Tendo por objetivo relacionar os processos de segregação sócio-espacial com o
de descentralização das atividades econômicas, percebe-se a necessidade de se ater um
pouco aos conceitos de centro, centralidade e nos processos de centralização e
descentralização no bojo do desenvolvimento da acumulação capitalista.
Kossmann e Ribeiro (1984) comentam que, no caso do Rio de Janeiro, na década
de 1930 e mais intensamente na década de 1940, o quadro de centralização começa
mudar na cidade carioca, passando para progressiva descentralização, tomando após a
década de 1950 a forma de subcentros. Alguns bairros que atraiam significativas
parcelas de estabelecimentos comerciais e de serviços que, até então, estavam limitados
ao centro da cidade. Esta segunda maneira de expressar os conceitos de centro e
centralidade ocorre a partir da noção de estruturação urbana. Este, mais dinâmico e
expressando um processo, compreende a importância dos fluxos que se encontram em
movimento no território. Considera a centralidade a partir dos fluxos que gera, seja de
pessoas, de automóveis, de capitais, de decisões, de informações e mercadorias.

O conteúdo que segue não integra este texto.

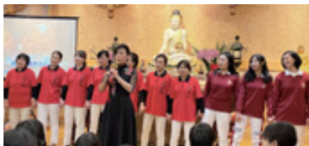
▲演唱人間音緣歌曲「點燈」。

Nesta conformação espacial com o processo de descentralização e dispersão,
observou-se também o espraiamento urbano. De acordo com Tourinho (2007), o centro
perdeu centralidade para novas áreas, porém, não perdeu a sua centralidade, continua
sendo Centro não apenas em sentido operativo e funcional, mas também por aspectos
simbólicos e formais, além de funcionais. Ainda, o centro, e as demais áreas
polarizadoras constituem o mesmo sistema por causa do crescimento da cidade de forma
contínua e interligada, portanto, são complementares. Neste contexto, centralidade
identifica um espaço urbano que pode conter em si condições necessárias para
existência de concentração de fluxos diversos (riquezas, decisões, pessoas, bens).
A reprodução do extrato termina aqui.